Flexible energy fusion type underwater measuring array cable
By integrating power modules, communication modules, and sensors into the underwater measurement array cable, and using flexible materials and lightweight batteries, the cable achieves self-powering and signal demodulation, solving the problems of insufficient energy and complex deployment of existing array cables, and improving the flexibility and reliability of deep-sea applications.
Patent Information
- Authority / Receiving Office
- CN · China
- Patent Type
- Utility models(China)
- Current Assignee / Owner
- ZHEJIANG UNIV
- Filing Date
- 2025-07-24
- Publication Date
- 2026-07-07
Smart Images

Figure CN224472210U_ABST
Abstract
Description
Technical Field
[0001] This application relates to the field of underwater measurement technology, and in particular to a flexible energy-integrated underwater measurement array cable. Background Technology
[0002] Against the backdrop of ongoing global marine resource exploration, frequent marine natural disasters, and an increasingly complex maritime security situation, underwater sensing and measurement technology, as a core means of acquiring seabed environmental information and sensing underwater situations, has been widely applied in deep-sea environmental monitoring and marine resource surveys. Especially given the current situation of frequent maritime disputes and rising maritime security risks, the role of underwater sensing and measurement technology in national maritime strategy is becoming increasingly prominent. This technology helps to build an all-weather, wide-area, and high-precision marine awareness system, possessing broad application prospects and significant strategic importance.

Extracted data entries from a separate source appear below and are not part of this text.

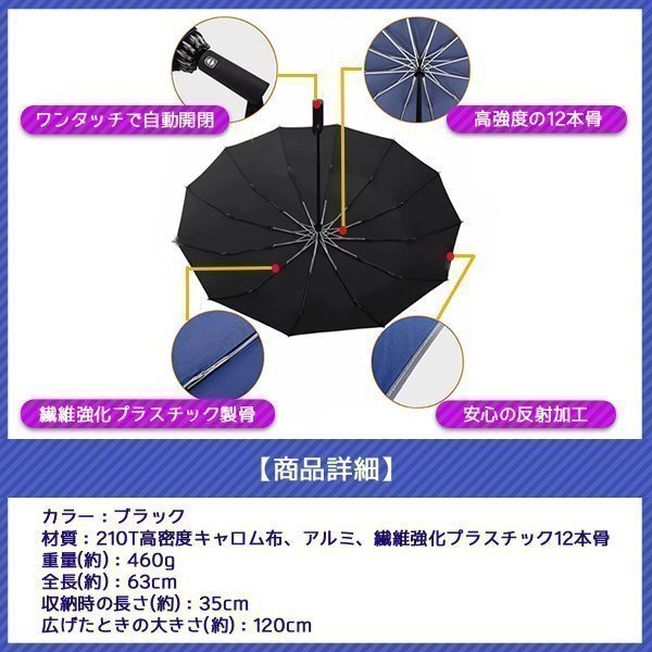 逆さ傘 折りたたみ ワンタッチ 自動開閉 12本骨 120cm コンパクト 折りたたみ傘 軽量 大きい 晴雨兼用 ビジネス 通勤 父の日 黒 ブラック
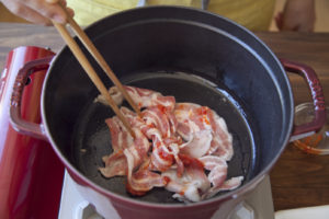 鍋(炒め調理ができるもの)に、ごま油を中火で熱し豚肉、豆板醤を炒める。
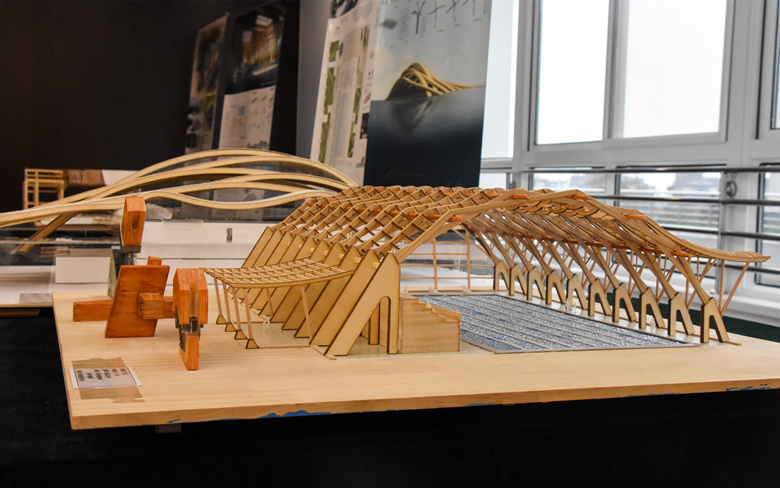 在会议终评中,太阳集团tyc33455官网的三支代表队成绩斐然,摘得二等奖一项及三等奖两项。其中由太阳集团tyc33455官网孙小鸾老师和建筑公司张海燕、罗靖老师指导,张浩、陆斌辉、倪绍焜、洪兆丰和陈烨同学完成的作品“贯虹”最终摘得二等奖。其作品材料选用杨木,通过装配式的建造方式,用最简单的构件实现最无限的可能,充分诠释了前沿、生态、绿色与人文的海派文化,与环境完美融合。此外,由胡振宇、程小武、杨会峰老师指导的参赛方案获得两个三等奖。

[0003] In some deep-sea sensing and measurement scenarios, the limited underwater power supply conditions place higher demands on the system's energy self-sufficiency. Underwater measurement arrays, due to their large measurement aperture, wide coverage, and convenient deployment and retrieval, have become an important technical means in marine sensing and monitoring. However, existing underwater measurement arrays still struggle to achieve energy self-sufficiency, relying heavily on external, bulky battery packs for power supply. Some systems also require large signal demodulation equipment. This power supply and demodulation method not only significantly increases the complexity and operation time of deployment and construction, driving up maintenance costs, but also reduces the flexibility of deployment operations, severely restricting the promotion and application value of underwater measurement arrays in the complex environments of deep-sea areas. Utility Model Content
[0004] To address the problems of insufficient energy self-sufficiency, complex deployment operations, and poor flexibility of existing underwater measurement array cables mentioned in the background art, this application provides a flexible energy-integrated underwater measurement array cable.

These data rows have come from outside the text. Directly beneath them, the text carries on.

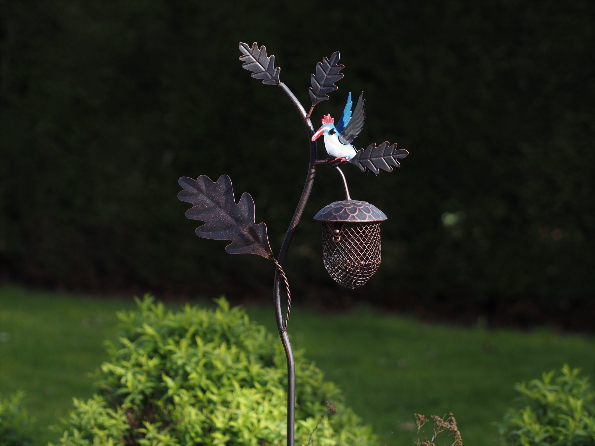 Schitterend afgewerkte metalen ijsvogel met voerkorfje die u overal in de tuin kunt steken.
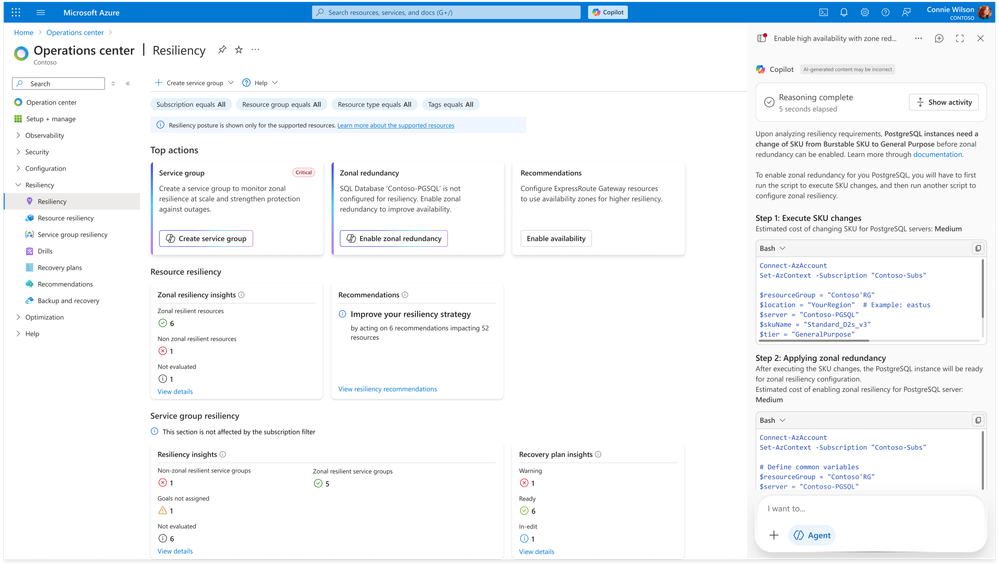 Leverage at-scale views across Resources and Service Groups to uncover resiliency blind spots and prioritize remediation. Set resilience targets for your key workloads and invoke the resiliency agent from the operations center in Azure to proactively find resources (like virtual networks or firewalls) that are deployed in only one availability zone and could become single points of failure. Once identified the agent will highlight which resources aren’t zone-resilient and the risks they pose, such as potential downtime or IP address changes during a zone failure, enabling you to prioritize the most crucial gaps first. Then with a click, the agent will generate ready-to-run scripts (or commands) to distribute those resources across zones to address configuration drift and strengthen architecture. This guided automation ensures that even if an entire Azure zone goes down, your application stays up.
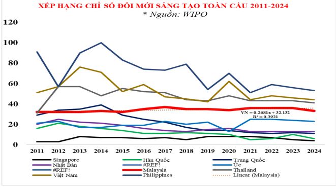 Hình 5: Xếp hạng chỉ số đổi mới sáng tạo toàn cầu Việt Nam 2011-2024

[0005] The flexible energy-integrated underwater measurement array cable provided in this application adopts the following technical solution:
[0006] A flexible energy-integrated underwater measurement array cable includes an underwater measurement module. The underwater measurement module includes an outer sheath cable, and the interior of the outer sheath cable has a sealed cavity. A power module, a communication module, and a sensor are installed in the cavity. The power module is electrically connected to the communication module and the sensor, respectively.
[0007] By adopting the above technical solution, the power module, communication module and sensor are integrated into a sealed cavity to form a highly integrated underwater measurement module. This enables the measurement array cable to have independent power supply, autonomous communication and environmental perception capabilities, which significantly improves the system's energy self-sufficiency and integration. It is suitable for long-term, long-distance deep-sea measurement missions and solves the technical problems of existing systems that require external power supply and have complex deployment.
[0008] Optionally, the number of underwater measurement modules can be one or more. When there are multiple underwater measurement modules, adjacent underwater measurement modules are connected end to end.
[0009] By adopting the above technical solutions and using modular design to allow measurement modules to be serially expanded, it is not only convenient to flexibly configure the array cable length and measurement density according to different tasks, but also to realize distributed data acquisition and energy management, improve the overall system's scalability and networking capabilities, and adapt to the customized deployment needs of complex sea areas.
[0010] Optionally, the outer sheath cable is a flexible hose made of high-polymer non-metallic material, which can be coiled.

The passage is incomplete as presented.